# block wall wiring in schools



## nitro71 (Sep 17, 2009)

Sounds about right. Check your local codes on using the EMT. In WA we are not allowed to use EMT inside block walls at ground level.


----------



## Interlock (Jul 14, 2010)

That's pretty much it. I usually put the whole bundle of EMT into a vice and cut it with a portaband into 40" lengths and use those to stub up while chasing the masons.


----------



## ampchamp (Jul 18, 2010)

yup,
i've always done that as well, if you make friends with the mason ( buy em a bottle or 2) they may even put em on for you .


----------



## william1978 (Sep 21, 2008)

That's how we did it, but we would rough as much as possible in the slab so there is very little over head to rough. We would use 1.25" mud rings.


----------



## ampchamp (Jul 18, 2010)

1.25" mud rings, i'm pretty sure thats what i used as well,TILE Rings


----------



## william1978 (Sep 21, 2008)

Yea that will make the mud ring flush with the face of the block.


----------



## 480sparky (Sep 20, 2007)

ampchamp said:


> yup,
> i've always done that as well, if you make friends with the mason ( buy em a bottle or 2) they may even put em on for you .

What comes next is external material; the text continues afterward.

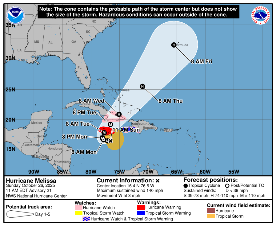 - Significant impacts are likely in the southeast Bahamas and perhaps the Turks and Caicos on Wednesday as Melissa loses some intensity and pass through. It may still be a borderline major hurricane as it hits the islands.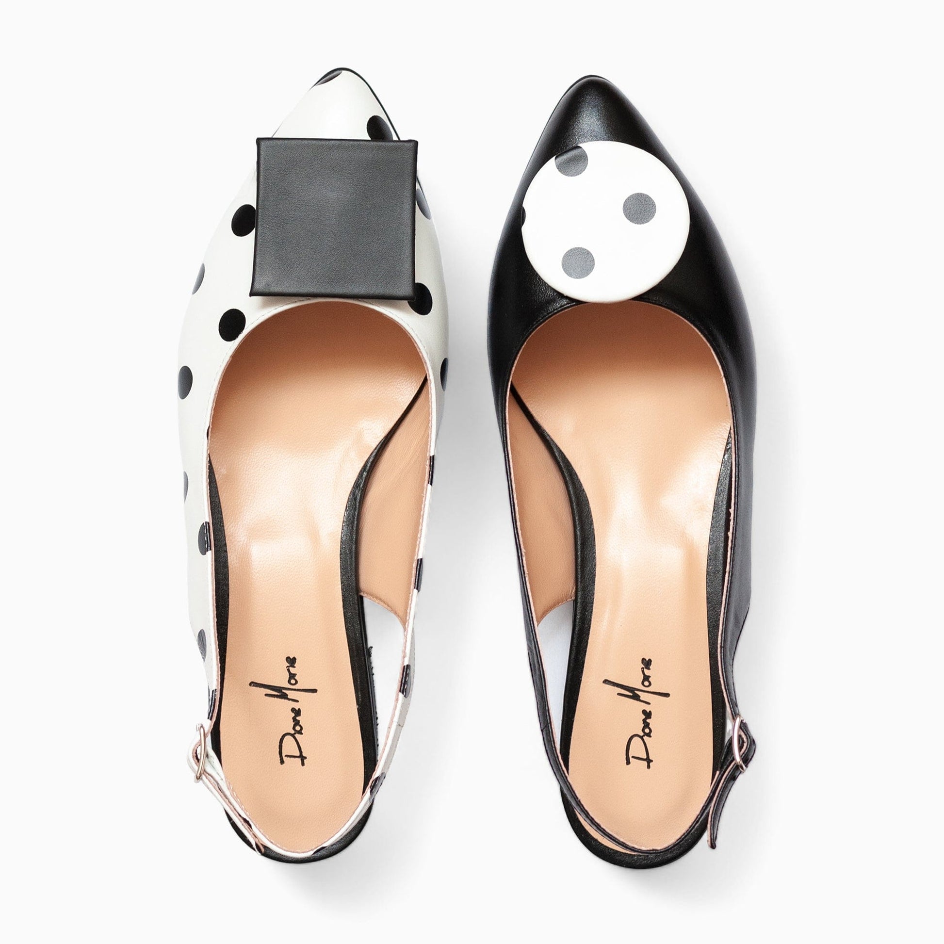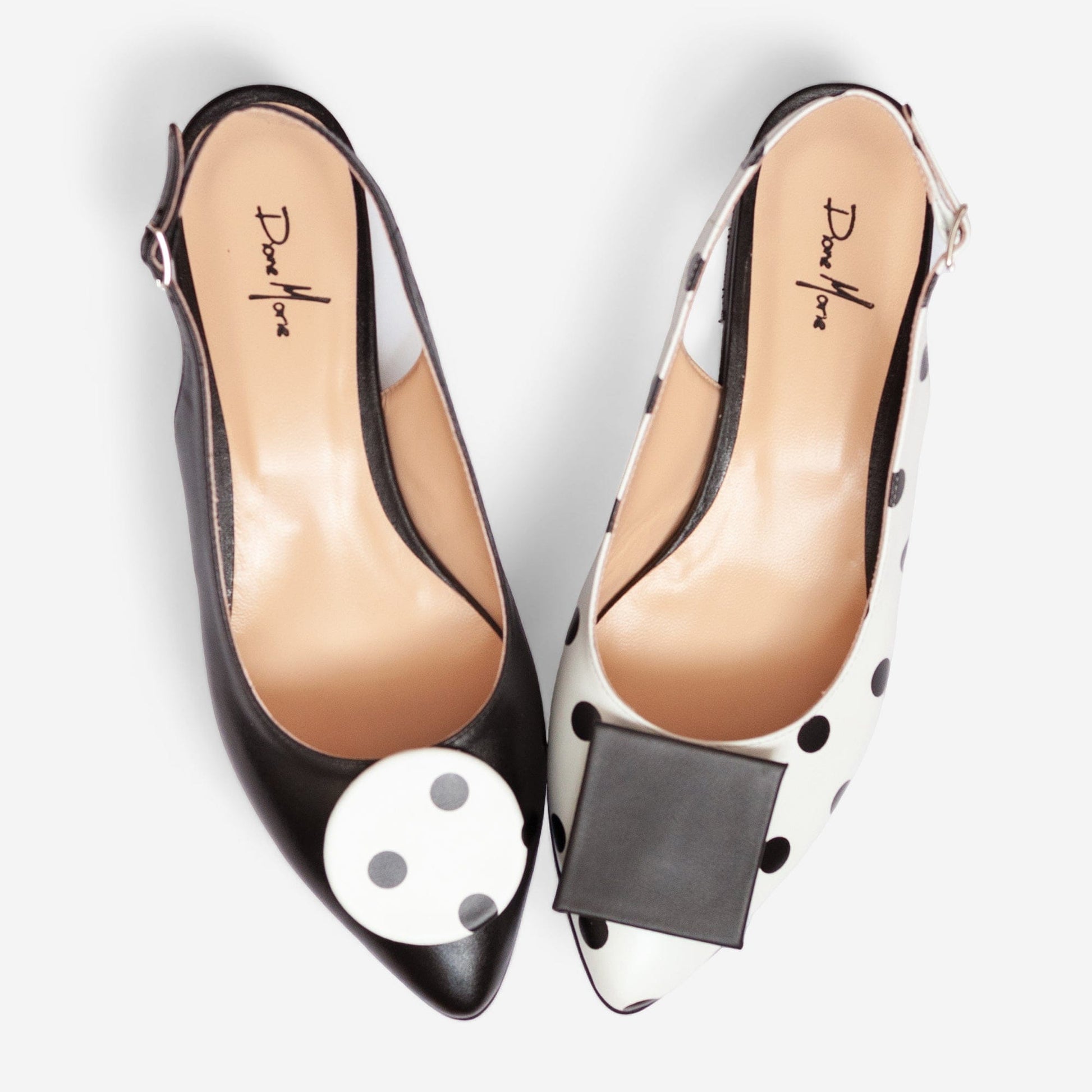- Balerini asimetrici din piele naturala alba cu buline negre;

A dozen Krispy Kremes goes a long way, too.


----------



## jwjrw (Jan 14, 2010)

We call em plaster rings. I had to google mud ring.:laughing:


----------



## Interlock (Jul 14, 2010)

jwjrw said:


> We call em plaster rings. I had to google mud ring.:laughing:


We call them tile rings because they are square in the corners. Mud rings or plaster rings have rounded corners.


----------



## jwjrw (Jan 14, 2010)

Interlock said:


> We call them tile rings because they are square in the corners. Mud rings or plaster rings have rounded corners.


 
The "mud ring" I googled was a raco 8777-0 and it appears to have rounded corners also. I have seen mud boxes which have square edges. I don't recall ever seeing "mud rings" here other than plaster rings? I'm gonna ask my supplier Monday.


----------



## 480sparky (Sep 20, 2007)

Mud ring = plaster ring = rock ring = tile ring.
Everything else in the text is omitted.